最初にこの本が出版されたのは、何と!1969年。今でこそ若冲や蕭白、国芳などの展覧会も大人気だが、当時は伝統的な美術界に新しい価値観を提案するセンセーショナルな書籍であったことだろう。でもそんなに力が入っている印象でもなくて、取り上げる画家たちの表現の奇っ怪さに心底驚き面白がっている様子が窺えて、読む方もすっかり惹きつけられてしまう。

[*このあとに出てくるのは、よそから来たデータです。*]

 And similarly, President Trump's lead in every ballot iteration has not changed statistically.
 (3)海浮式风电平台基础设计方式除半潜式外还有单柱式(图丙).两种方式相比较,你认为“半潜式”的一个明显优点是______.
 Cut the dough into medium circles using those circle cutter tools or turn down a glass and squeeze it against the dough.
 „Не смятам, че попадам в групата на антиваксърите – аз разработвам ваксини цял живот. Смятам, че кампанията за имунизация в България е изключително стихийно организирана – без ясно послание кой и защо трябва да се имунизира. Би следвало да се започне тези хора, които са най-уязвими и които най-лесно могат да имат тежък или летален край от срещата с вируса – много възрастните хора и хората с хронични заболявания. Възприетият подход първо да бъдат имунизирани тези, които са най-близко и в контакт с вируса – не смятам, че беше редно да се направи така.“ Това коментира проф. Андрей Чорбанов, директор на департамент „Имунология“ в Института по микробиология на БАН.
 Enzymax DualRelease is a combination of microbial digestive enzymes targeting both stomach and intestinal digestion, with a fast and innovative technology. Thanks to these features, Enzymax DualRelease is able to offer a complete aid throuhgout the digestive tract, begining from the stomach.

6人の画家たちは、それぞれに特徴があるのですが、その中でも奇想天外という点では、蕭白が群を抜いている。そしてまた、もうすぐ展覧会で見られると思うと、ホント期待が高まるのだ。特に「雲龍図」については、このところいろいろなTV番組でボストン美術館展の特集が組まれ、早く眼にしたくてウズウズ。(大阪に来るのは来年だ…待ち遠しい)

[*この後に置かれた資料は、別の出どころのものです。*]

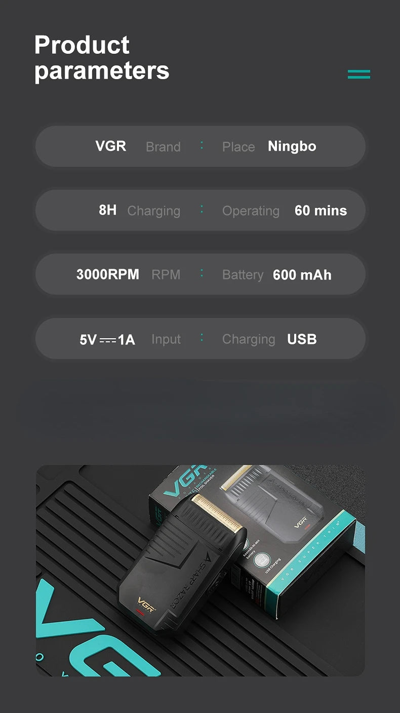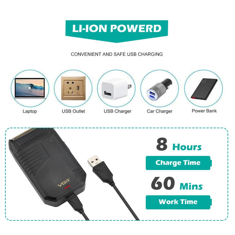 VGR V-375 Professional Foil Shaver – Rechargeable Electric Razor & Beard Trimmer for Men
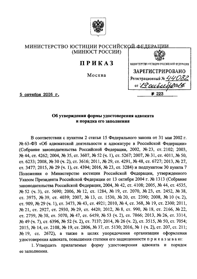 ПРИКАЗ Минюста РФ от 05.10.2016 N 223
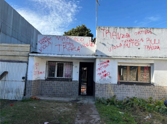 Según consta en una denuncia, las personas que habían usurpado amenazaron de muerte a los dueños del lugar y “escracharon” el frente de la casa con insultos y la leyenda “no se vende”.
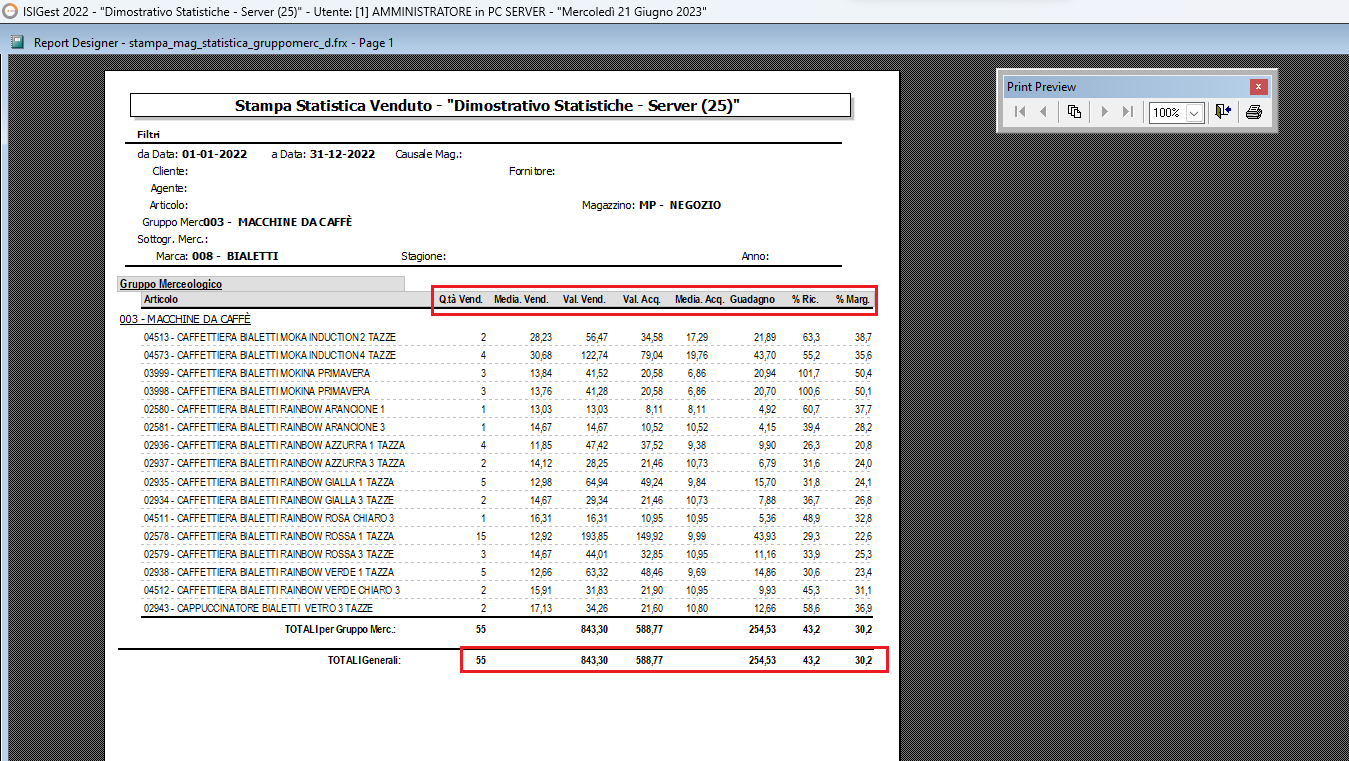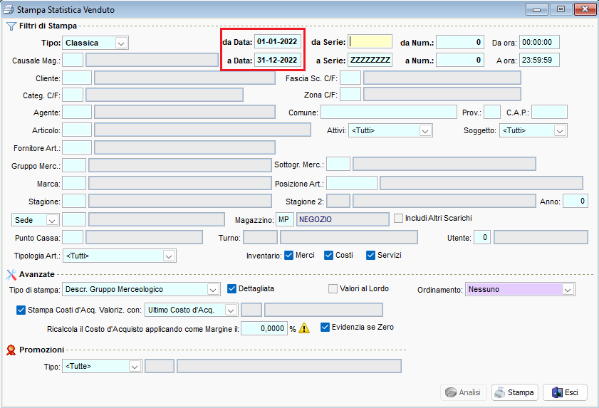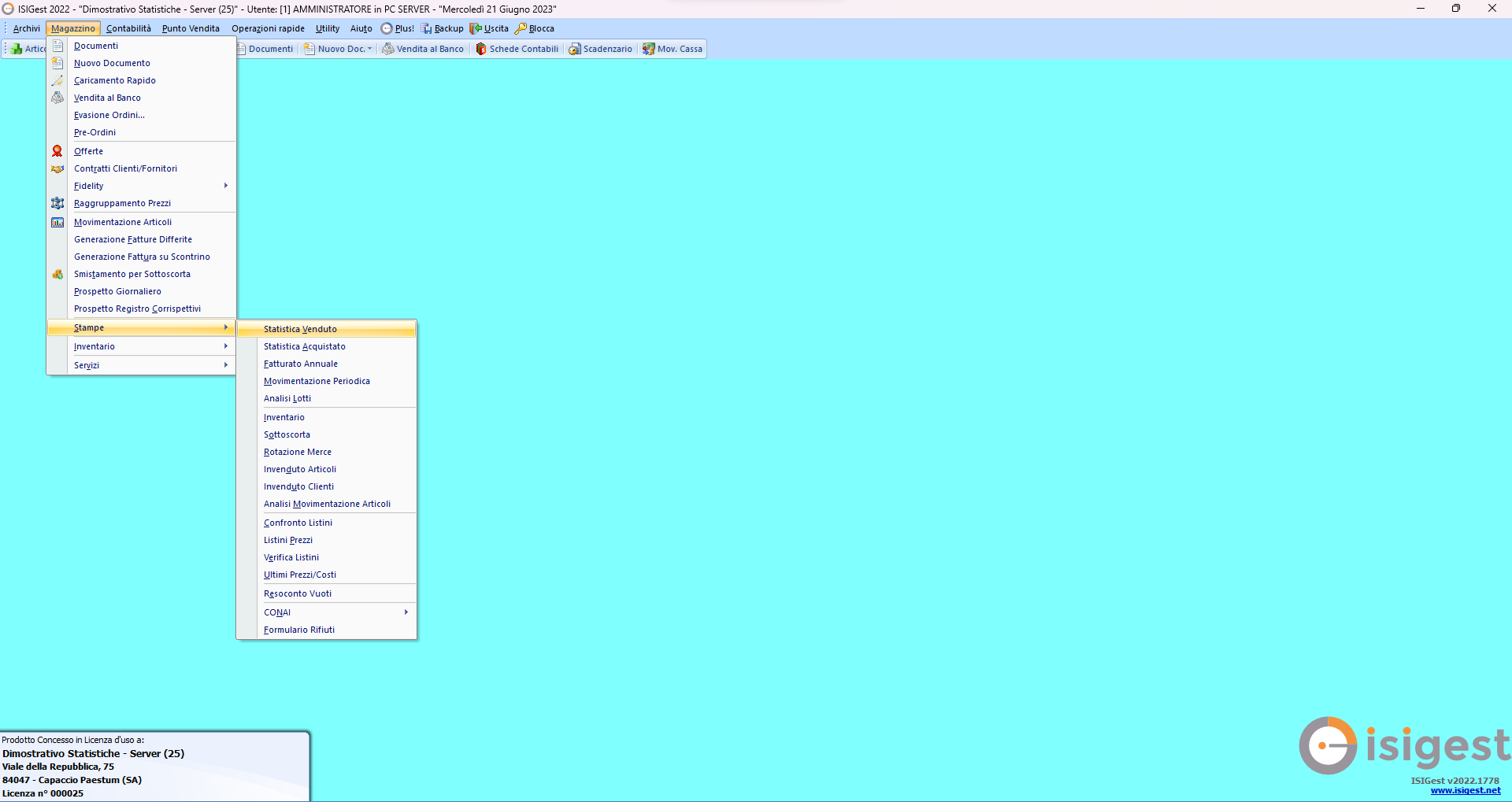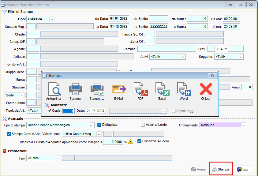Selezionare Magazzino > Stampe > Statistica Venduto
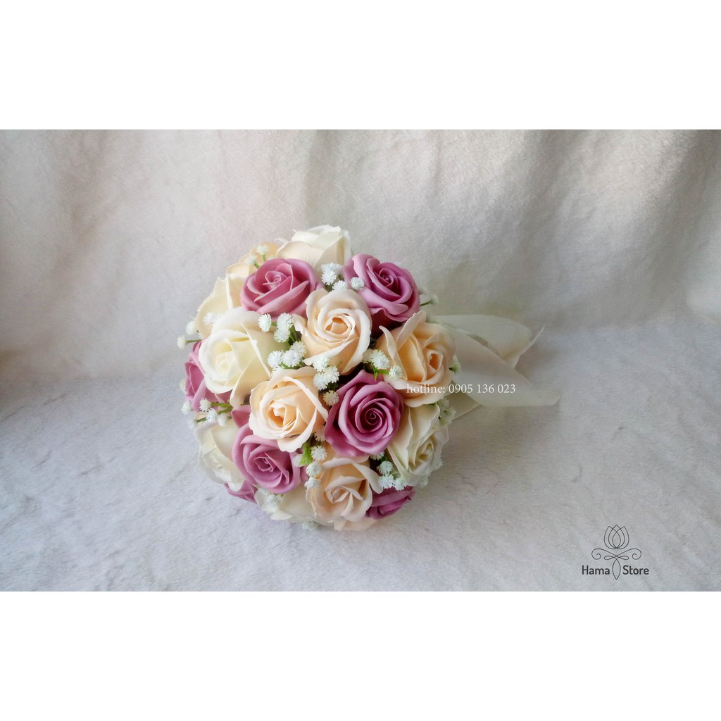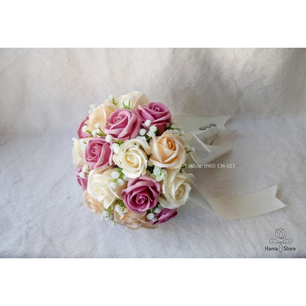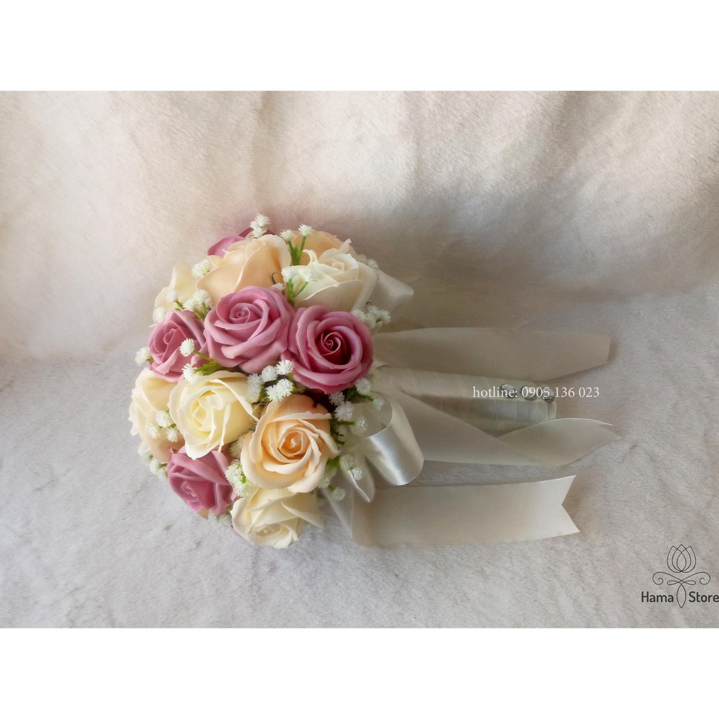 [GIAM8KFOLLOWER] - BÓ HOA CƯỚI CẦM TAY CÔ DÂU HOA HỒNG SÁP THƠM MÀU KEM MÀU HỘT GÀ MÀU HỒNG PASTEL ĐIỂM BABY

巨大な龍の迫力も楽しみですが、奇っ怪な人物像をじっくり見たいですね。そうか~、もしかしてこの本の図版のモノクロの小さな画面は、これじゃ満足できない!実際に自分の目で見てみたい!という気持ちにさせ、読者を展覧会に誘うためだったのか?
辻先生、いいですね。この前の日経新聞の山下先生とのエピソードといい。(ツイッター参照)
もっといろいろなご著書を読んでみようと、図書館で「奇想の図譜―からくり・若冲・かざり 」を借りて来ました。楽しみです!